The sergeant said with a straight face, “I really don’t know, ma’am. You want to hold him a minute? Just pull down on the rope.”
Margie looked at him thoughtfully for a moment, but he was right — it was interesting. She pulled on the rope. “Damn thing’s strong,” she complained. “Hey, Sweggert! What are you doing?”
He had leaned down and pulled something out from under a tarpaulin. “Just a strobe light, ma’am.”
“And what are you going to do with it?”
“Well,” he said cunningly, “I haven’t never seen it, but the guys say if you give one of these things a flash it’s real interesting.”
She looked from him to the sad, wrinkled face of the balloonist, and back. “Sergeant,” she said grimly, “it damn well better be or I’ll have your ass on toast. Flash your fucking strobe.”
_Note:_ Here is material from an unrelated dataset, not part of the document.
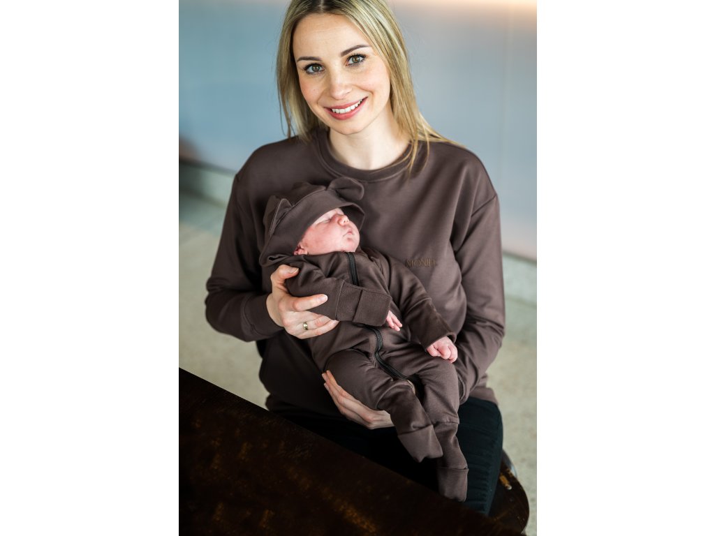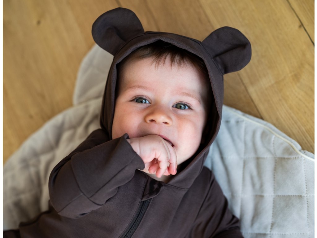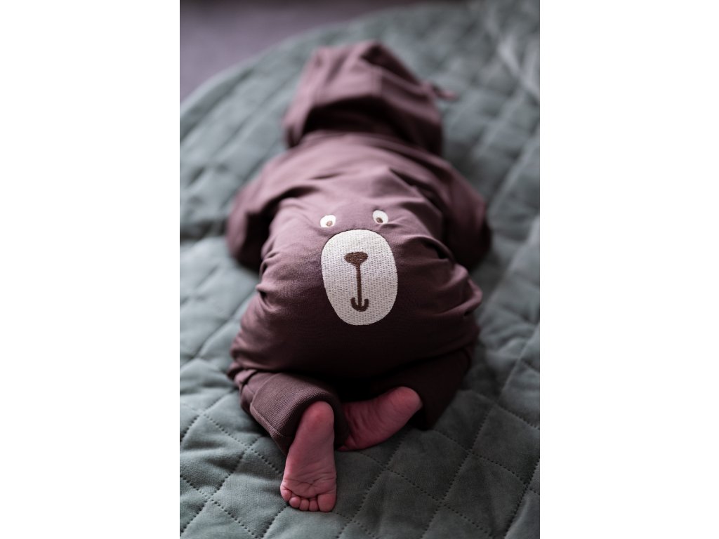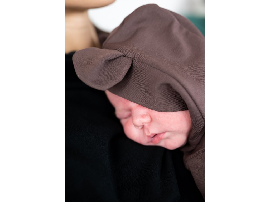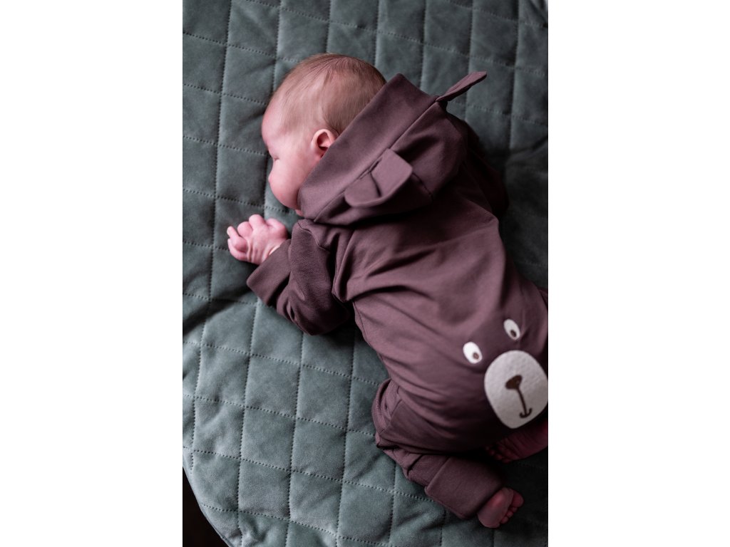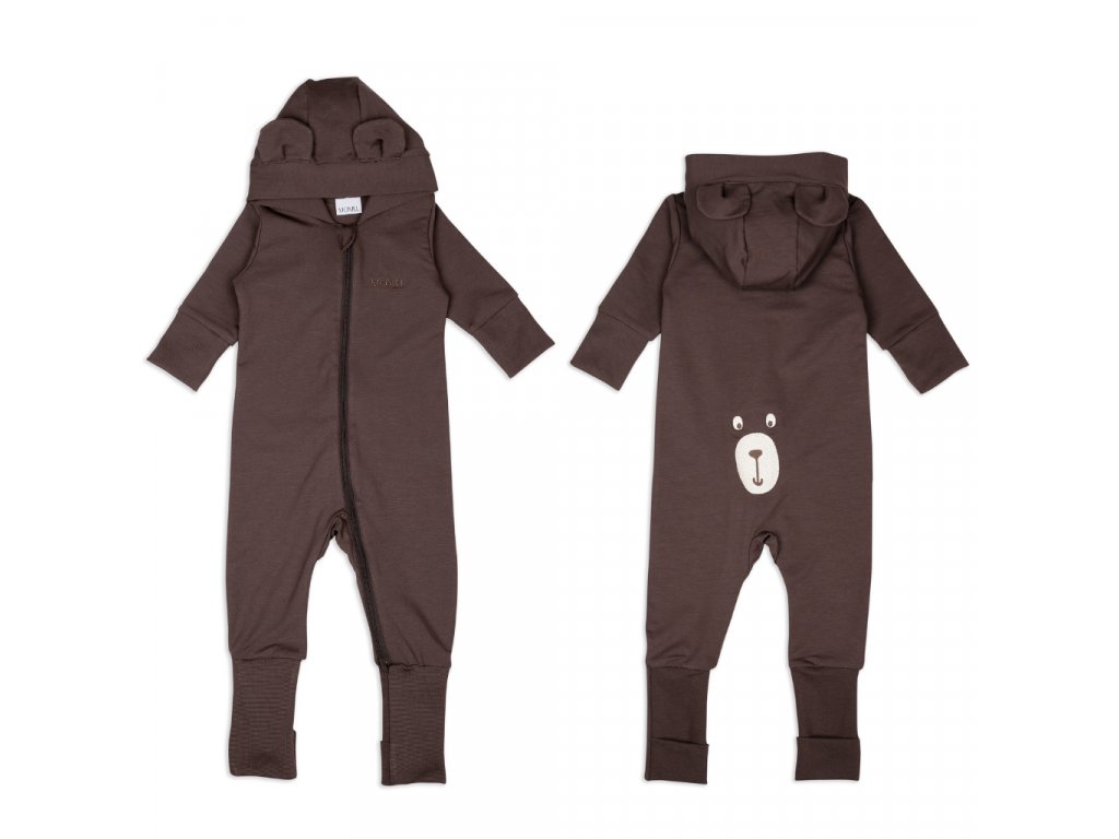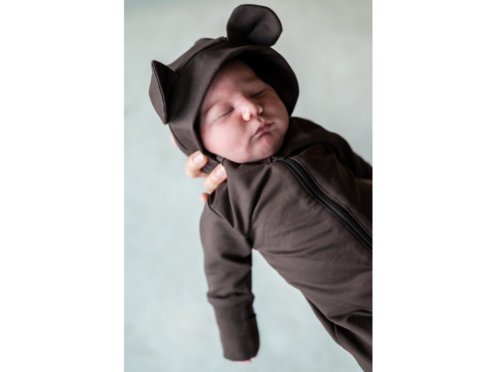 Tmavě hnědý overal má kapuci s roztomilými medvědími oušky, která pomůže udržet hlavičku miminka v teple a zároveň doplňuje overálek o krásný designový prvek.

“Is that an order, ma’am?”
“Flash it!” she snarled. “Or—”
And then he did.
AFTER FOUR DAYS of trying, Ana was finally granted permission to use the radio for a call to the People’s camp. When the communications clerk signaled go, she leaned forward and spoke in Urdu into the microphone. “This is Ana Dimitrova calling from the camp of the Food-Exporting Bloc. I wish to speak to Ahmed Dulla, please.”
The comm clerk switched off the microphone and said, “Now you wait. It usually takes about ten minutes for a return message.”
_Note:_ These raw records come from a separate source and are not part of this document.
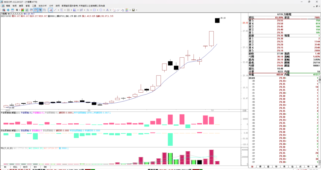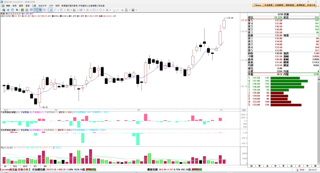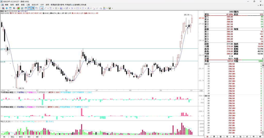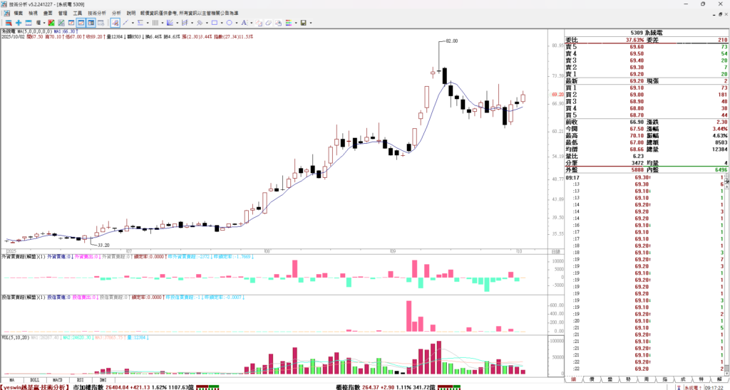 大家早安,台股昨天先漲後跌,最後收墓碑。真是多空轉向快速。原本白天大漲四百點,然後就直線掉落剩下上漲九十多點。你看下圖台指期一分K,走勢多麼像一座山,先上後下 幅度大,做交易可以賺價差喔。前天漲停的緯創昨天上漲 3.9% ,但是收個長長上引線,原本上漲的廣達卻高檔收長黑、原本突破高檔的技嘉也反向收長黑,這些都是高檔收黑的權值股,對台股有下跌的壓力。
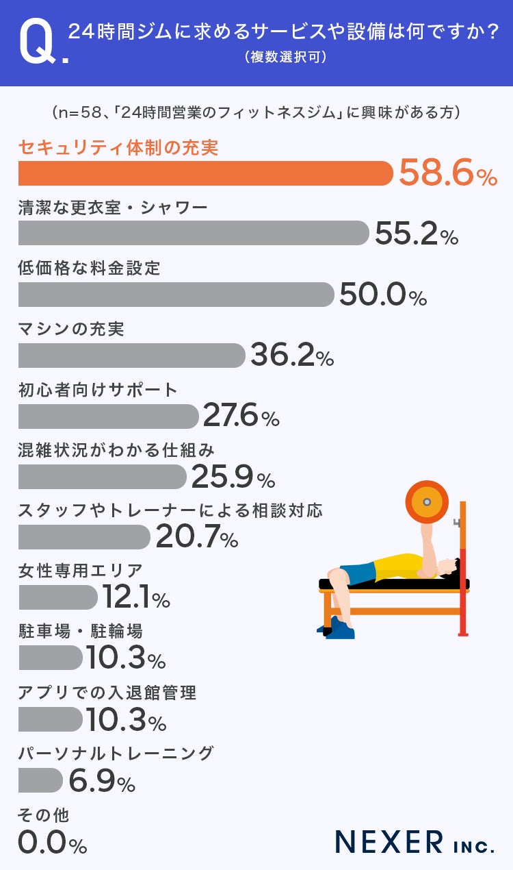 次いで「清潔な更衣室・シャワー」が55.2%、「低価格な料金設定」が50.0%でした。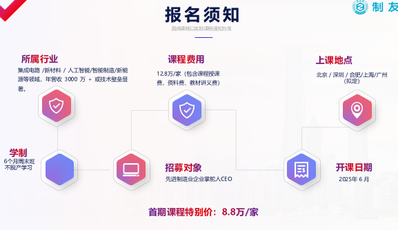 仅限CEO学习学员可系统学习实战应用,与导师现场互动答疑,路演展示,产业与资本对接会。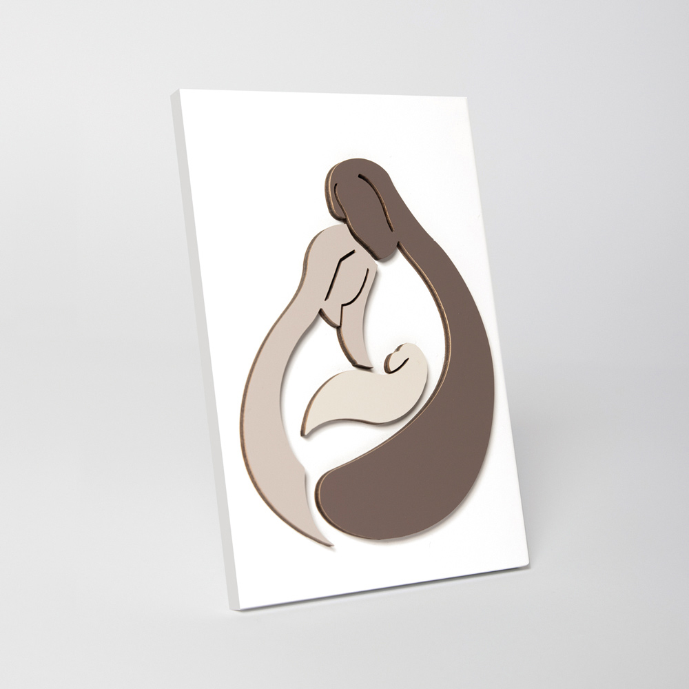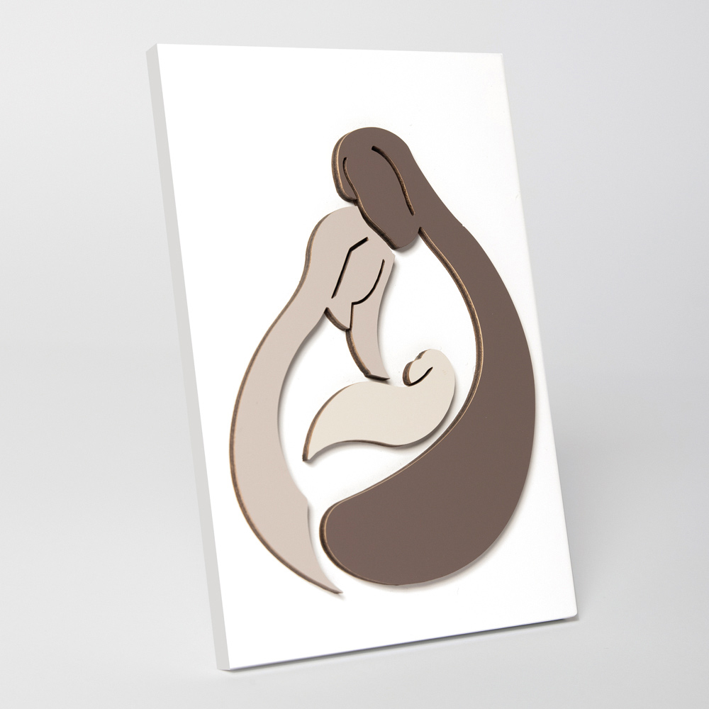 Esta pintura es el resultado de la artesanía italiana, las figuras están dibujadas a mano y luego pintadas con la luz del rayo láser, sin ningún desperdicio y respetando el medio ambiente. Para este elemento, se eligió específicamente un estilo mínimo y esencial para realzar y representar solo el advenimiento de Jesús. La unión de acabados y colores crea un producto único en su género que revela el amor y cariño de la familia.

“Message? Can I not speak directly to Dr. Dulla?”
“Not with the Peeps, honey. We transmit a message, they transmit an answer. If they feel like it.”
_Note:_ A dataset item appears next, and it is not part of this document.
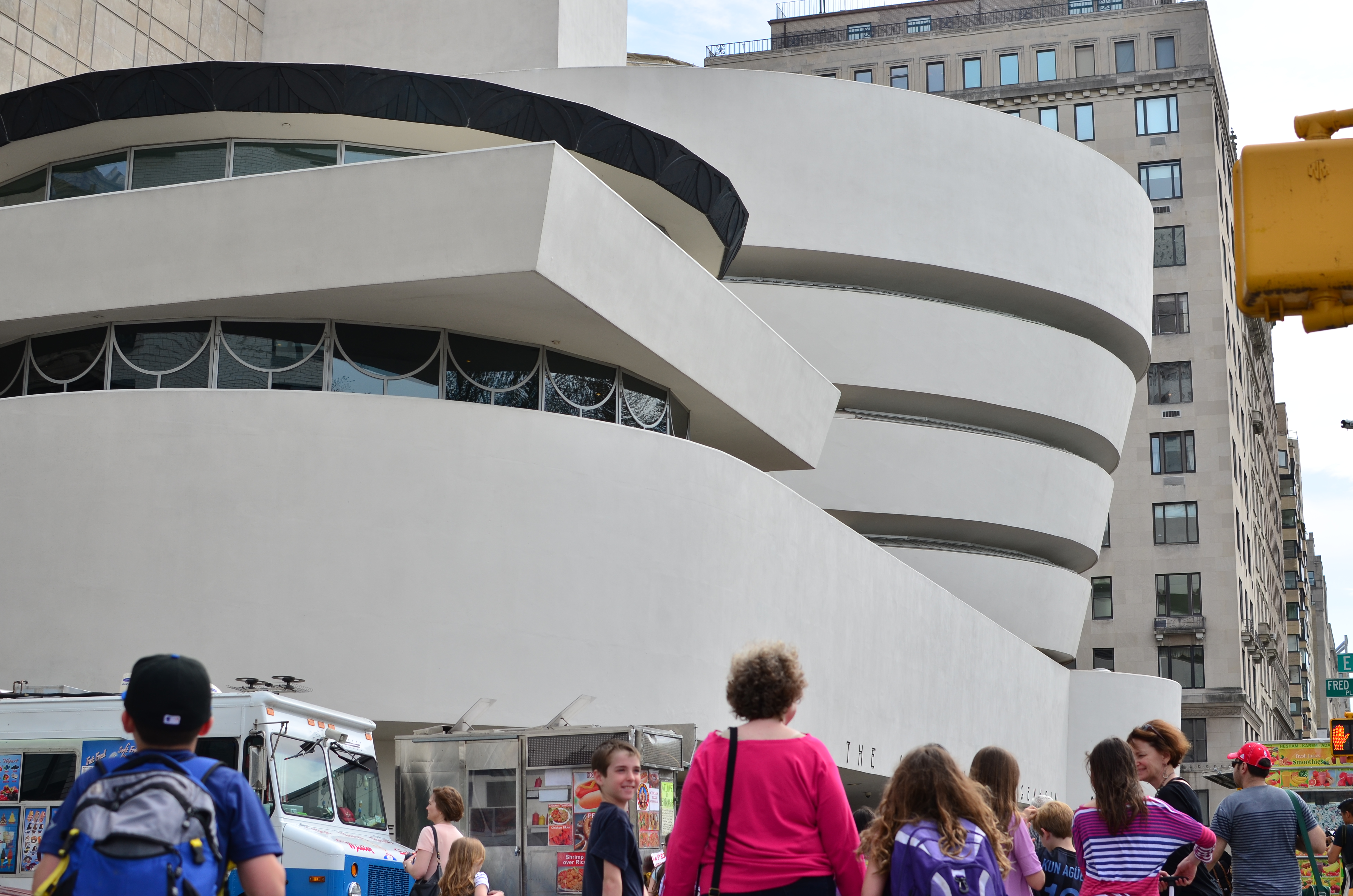 The Guggenheim was created specifically as a home for various mid-century art movements that had no official home within the conventional museum community of the Eisenhower era. Its design passed through many hands before completion, which happened after the deaths of both Frank Lloyd Wright and Solomon Guggenheim. Even after substantial revision and interference from people who frankly should never have been allowed admission to the place, the “Gugg” emerged with its essential elements intact, so far advanced as a public space that even now, sixty years on, it seems as if it’s just arriving for the first time. Some icons not only indelibly define themselves but also the times that created them, with a permanence that continues to feed the imaginations of other artists looking to craft their own visions. One critic once described the museum as a birthday cake. Perhaps that’s its magic: an occasion of joy, alight with illumination, imbued with the power to grant your every wish.

“How very queer. Well, thank you, I will wait outside.” As she left she added, “Please call me when the answer comes.”
“Count on it, sweets.”
What a nuisance, she thought crossly, sitting lotus-legged in the warm electric-heater glow from Kung overhead. Still — ten minutes! She had waited much longer than ten minutes to hear Ahmed’s voice. And at least his plight could no longer be as serious as she had feared at first. The word was out in the camp that the People’s Republics, through what superhuman exertions one could hardly imagine, had succeeded in reestablishing communication with their outpost on Jem. A ship had landed — a small one, to be sure, but at least they were no longer helplessly dependent on the other colonies for the means to survive. How that must have angered Dulla!
Around her the camp was very busy. Nearly a hectare had been cleared and seeded on the slopes above, and the stanchions were in place for the lights that would make the seeds grow. Power would be next, and that was already being attended to. The Food Bloc at last had its own solar-power plant in process of assembly, and meanwhile there was a nuclear-fueled steam plant already in operation — small, expensive, but reliable.
Ana was the best of the three translators in the camp and, since the disappearance of Harriet Santori, the only one who seemed capable of picking up the fine structure of an only partly understood language. Her Krinpit was quite imperfect, and there seemed little chance to practice it. For the burrowers she had spent much time with this James Morrissey, who seemed to have taken them as his personal reason for existence; but none of it had come to much. The microphones he insinuated so gently into the tunnels sometimes picked up a scrap or two of squealing, chittering, half-muffled sounds; but evidently the burrowers detected them at once and avoided them — when they didn’t steal them. More than once Morrissey had pulled out a probe and found the working head neatly disconnected.
But with the balloonists she had become almost fluent. She had worked closely with Professor Dalehouse, so far only by radio; the intriguing but frightening prospect of soaring with him under a cluster of bags of hydrogen was for some indeterminate time in the future. Then the Russian pilot, Kappelyushnikov, had taken off with Colonel Menninger’s orderly and a cluster of hydrogen tanks on some foolish, secretive errand, and she had been ordered off the radio until further notice. Instead she was assigned to clerical work in the tiny hospital, where there was no clerical work to speak of, since it had as yet no real patients.